* **Work order**: Only the pictures should be left out; write out all other data exactly.

* **Information shown**:
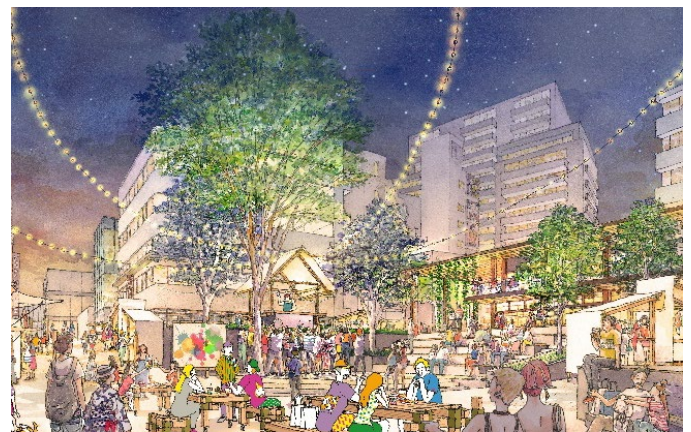
▲オープン後の賑わい創出イメージ※2

北谷公園では、渋谷区の公募により整備事業者として選定された東急を代表企業とする企業コンソーシアムが整備を行い、今般指定管理者に指定された「しぶきたパートナーズ」(URL: https://shibuya-kitaya-park.tokyo/ ) が植栽や公園施設の維持管理を行い、日常的な憩いの場として安全安心な公園環境を提供します。
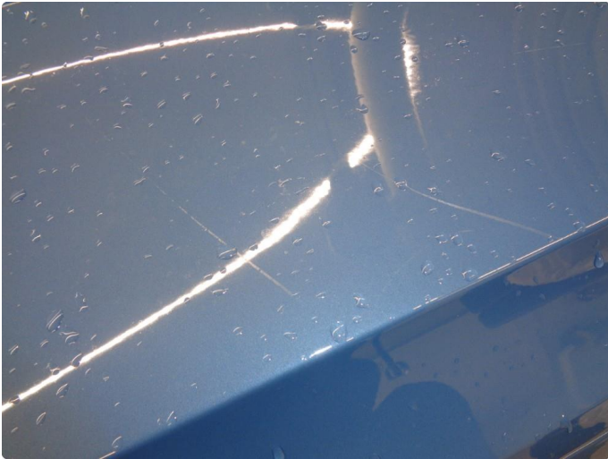
1.1 Øvrige feil

* **Result for this exercise**:
▲オープン後の賑わい創出イメージ※2

北谷公園では、渋谷区の公募により整備事業者として選定された東急を代表企業とする企業コンソーシアムが整備を行い、今般指定管理者に指定された「しぶきたパートナーズ」(URL: https://shibuya-kitaya-park.tokyo/ ) が植栽や公園施設の維持管理を行い、日常的な憩いの場として安全安心な公園環境を提供します。
1.1 Øvrige feil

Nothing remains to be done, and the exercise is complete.